Psalm 2004

Bush is my shepherd, I shall be in want.
He leadeth me beside the still factories,
He restoreth my doubts about the Republican Party,
He guideth me onto the paths of unemployment
for the party’s sake.
I do fear the evildoers, for thou talkst about them constantly.
The tax cuts for the rich and thy deficit spending
They do discomfort me.
Thou anointeth me with never-ending debt. And my savings
and assets shall soon be gone.
Surely poverty and hard living shall follow me.
And my jobless children shall dwell in my basement forever.

[ – Currently making the rounds on the Internet ]

After factoring out the Social Security surplus and adding in a pricey supplemental appropriation for the war in Iraq, the federal budget deficit for Fiscal Year 2004 could reach $700 billion. This would follow deficits for FY 2002 and 2003 of $318 billion and $639 billion respectively. In just three years, G.W. Bush’s fiscal policies will have resulted in a cumulative deficit exceeding $1.6 trillion.

It might be expected that “red ink” of this magnitude would generate some job growth. The President’s Council of Economic Advisers was optimistic, predicting 1.6 million new jobs by the end of FY 2003. But instead of 1,600,000 new jobs being created, 1,900,000 jobs were lost. (Economic Policy Institute Issue Brief 197, 2/12).
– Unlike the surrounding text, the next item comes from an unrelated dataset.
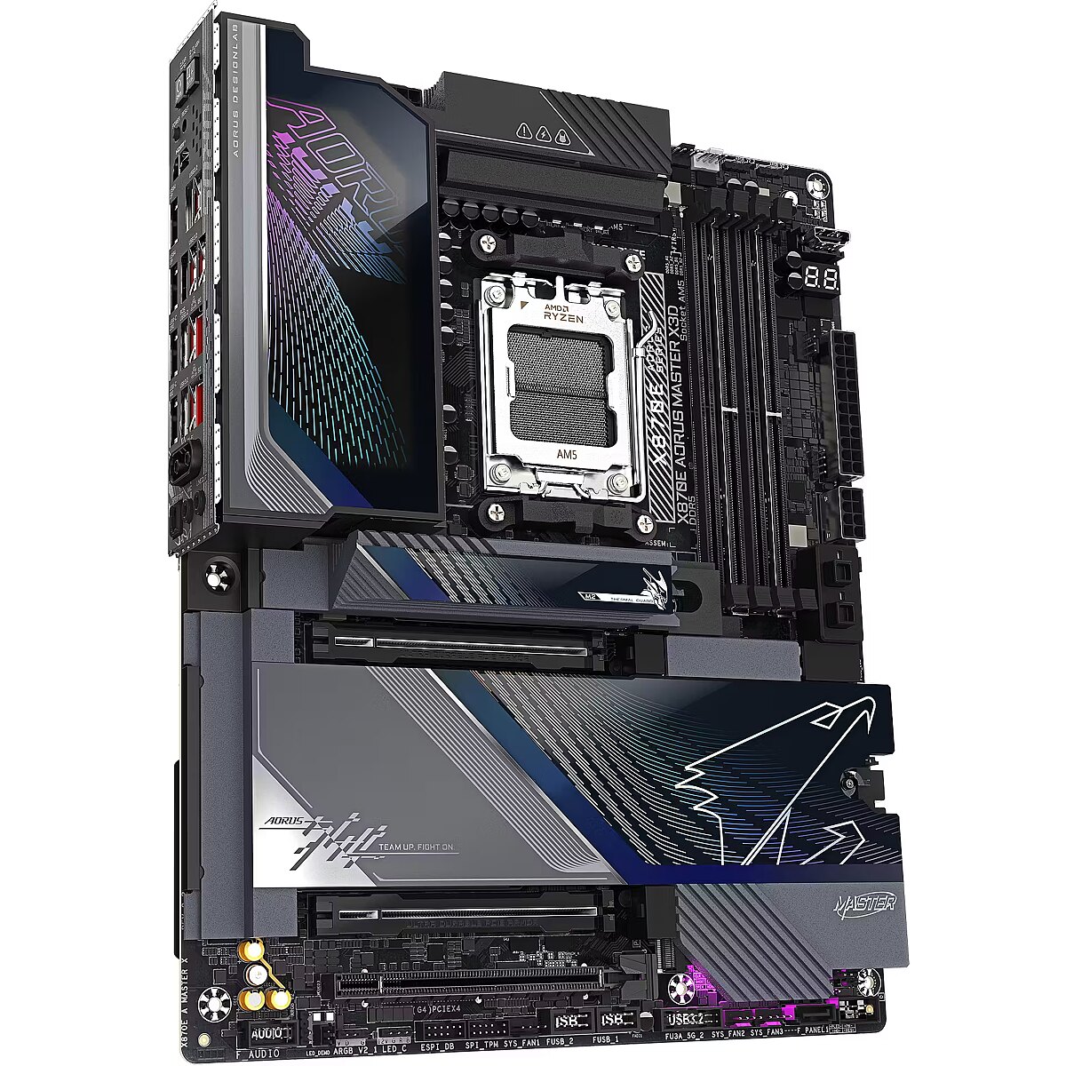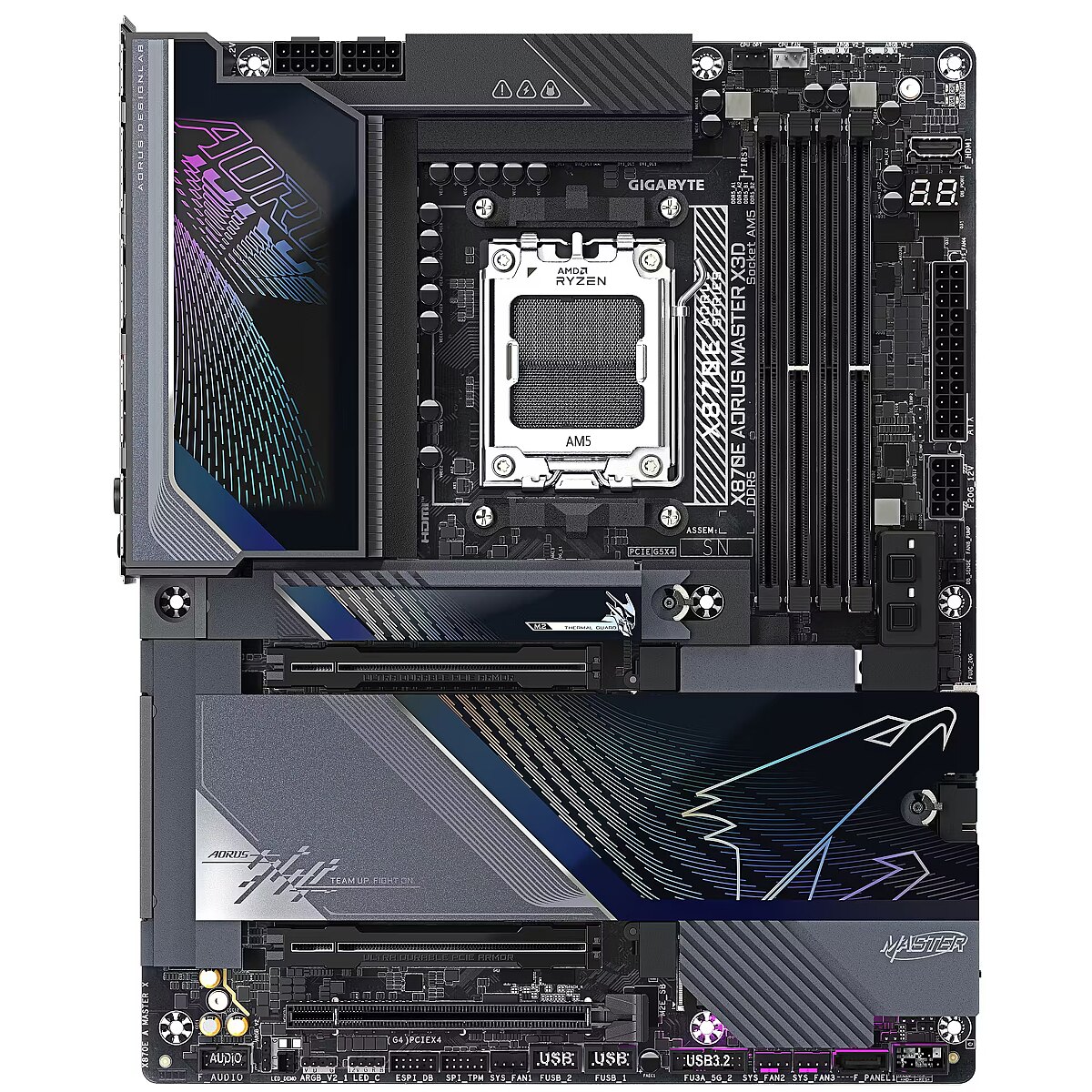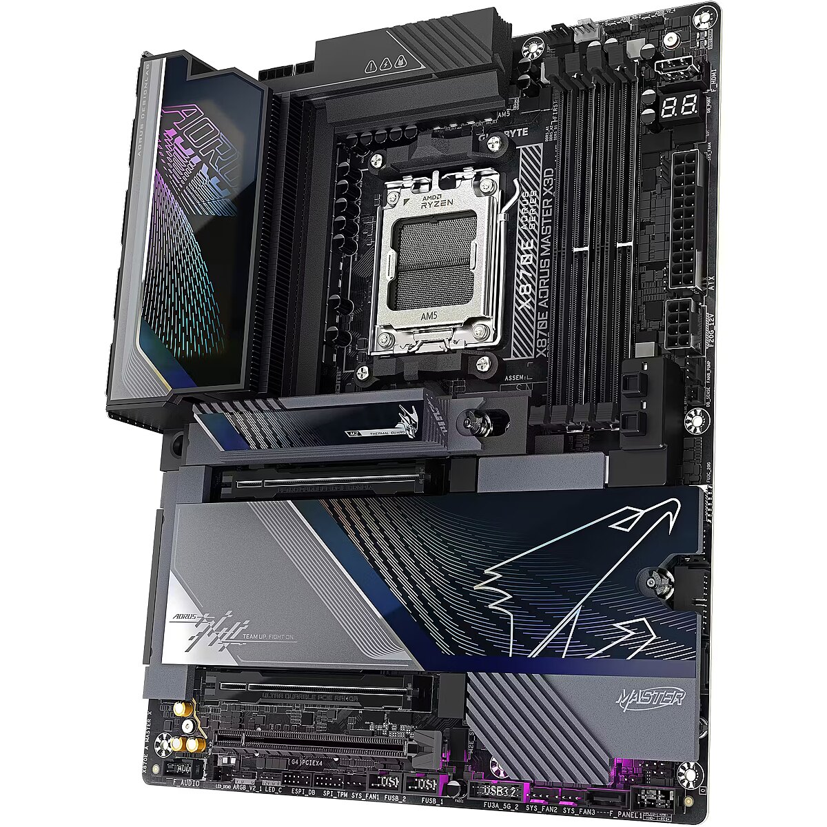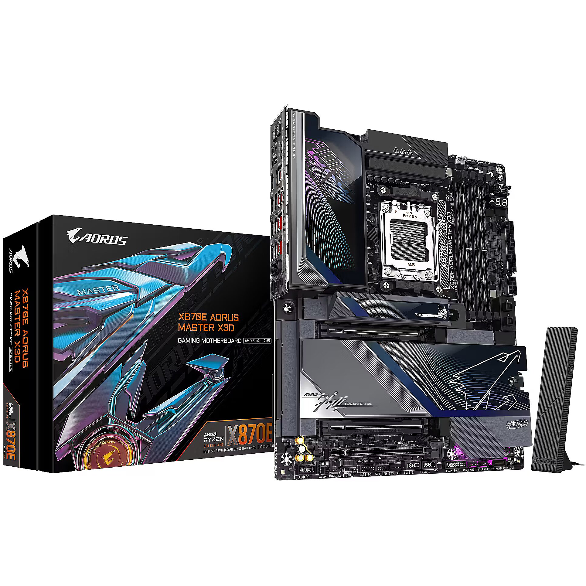 ShortSummaryDescription - GIGABYTE X870E AORUS MASTER X3D Motherboard - Supports AMD Ryzen 9000 CPUs, 18+2+2 Phases Digital VRM, up to 9000Hz DDR5 (OC), 2xPCIe 5.0 + 3xPCIe 4.0, Wi-Fi 7, 10GbE LAN, USB 4, AMD, Socket AM5, AMD Ryzen 7000 Series, AMD Ryzen 8000 Series, AMD Ryzen 9000 Series, Socket AM5, DDR5-SDRAM, 256 GB

And the wages in the emerging job markets were rapidly falling, 21 percent or $9,160 per year less in sectors actually adding jobs. (EPI “Economic Snapshot” 1/21).

This situation is not at all surprising given the recent remarks of Gregory Mankiw, chairman of the President’s Council of Economic Advisors, praising the corporate practice of “outsourcing.” Shifting U.S. jobs to low-wage countries overseas is “just another way of doing international trade” and “probably a plus for the economy in the long run” according to Mankiw.

Outsourcing is also a contributing factor in the current “jobless recovery,” following the brief recession that the National Bureau’s Business Cycle Dating Committee reported ending in November 2001. While the recession is officially over, layoffs continue, with 500,000 factory jobs evaporating in 2003 alone.

Slashing corporate and upper income tax rates serves to create huge strategic deficits “as far as the eye can see.” The results, according to New York Times columnist Thomas Friedman, are “budgets of mass destruction,” which “recklessly imperil the nation’s future with crazy tax cutting and out of control spending.”

In another New York Times column titled “Red Ink Realities,” Paul Krugman reports that the sharp drop in tax revenues “has come almost entirely from taxes that are mostly paid by the richest five percent of families: the personal income tax and the corporate income tax. These taxes now take a smaller share of national income that in any year since World War II.” The goal of creating “red ink realities” is to “starve the beast,” i.e. create a situation that shrinks state revenues so much that government programs which help the poor and the middle class will have to be slashed, with the savings going to the rich in the form of yet more tax cuts.

In May 2003 the administration cynically bundled their tax cuts in a bill called the “Jobs and Growth Act.” While the legislation provided millionaires with an average tax cut of $93,000, it failed to result in any net job gains.

Bush is now anxious to make his tax cuts permanent, at a cost estimated by Joel Friedman and Richard Greenstein of Center on Budget and Policy Priorities to be $2.2 trillion over the ten year span of 2005-2014 (CBPP, 1/30/04). In recent testimony before the Senate Banking Committee, Alan Greenspan, Federal Reserve chairman, indicated that the Fed would support this budget madness, but only if government spending was dramatically reduced. He recommended sharp reductions in Social Security benefits for retirees to offset any fiscal impact these tax cuts for the wealthy would likely have.

The only way out of this economic dead end is a radical shift in policy. What democratically selected mechanism can assume economic stewardship in the face of gathering crisis is something to which we urgently need to turn our collective attention.